I highly recommend raising an AWS support issue as well via the console. !


#9

Hi!

I noticed that one particular node was mostly causing the snapshot failures.
Today I took the node out of the cluster, reinstalled ES 5.4.2 and rebooted the machine.
I started another snapshot and it was successful!

In case this happens again I will try just a reboot first to see if this already solves the issue.

Thanks for your help!

Kind Regards,
Bernhard


(Mujtaba Hussain) #10

This is my suspicion about what was happening.

AWS SDK's sign any requests that emerge from one resource to another, so the destination can ensure that the request is coming from one of the valid resources. One of the things they use to sign the request is the time at which the request was made. This is where this comes in:

taken from here.

So if you follow the setup of this document, hopefully you can atleast negate this issue.

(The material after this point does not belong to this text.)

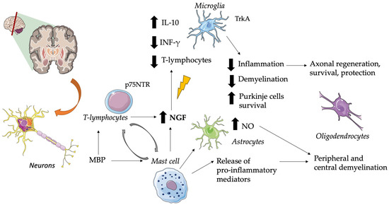 In particular, multiple sclerosis is an autoimmune demyelinating disease that produces brain plaques containing mast cells and areas of demyelination demarcated by T-lymphocytes and monocytes in cellular infiltrates [2,169]. NGF seems to produce anti-inflammatory effects by upregulating the production of interleukin 10 by glial cells, T cells infiltrating the CNS, and downregulating the production of interferon-gamma [170]. The major suspected immunogen in multiple sclerosis is the myelin basic protein (MBP) which stimulates mast cell secretion of pro-inflammatory mediators, capable of causing peripheral and central demyelination, and of cytokines that can induce astrocyte production of neurotoxic amounts of nitric oxide (NO) [171]. See Figure 2 for further information.

This issue might also explain why it was happening only on one instance.

Again, this is my suspicion. If this issue re-emerges, try this first before rebooting and let us know. :slight_smile:

Best of luck.


#11

The issue appears again and I wanted to follow your advice, but the links in your last answer are returning a 404.


(Mujtaba Hussain) #12

Yeah! Those pages from AWS Support Docs seem to have disappeared. :frowning:

Google system clock drift AWS and you are on your way :slight_smile:


(system) #13

This topic was automatically closed 28 days after the last reply. New replies are no longer allowed.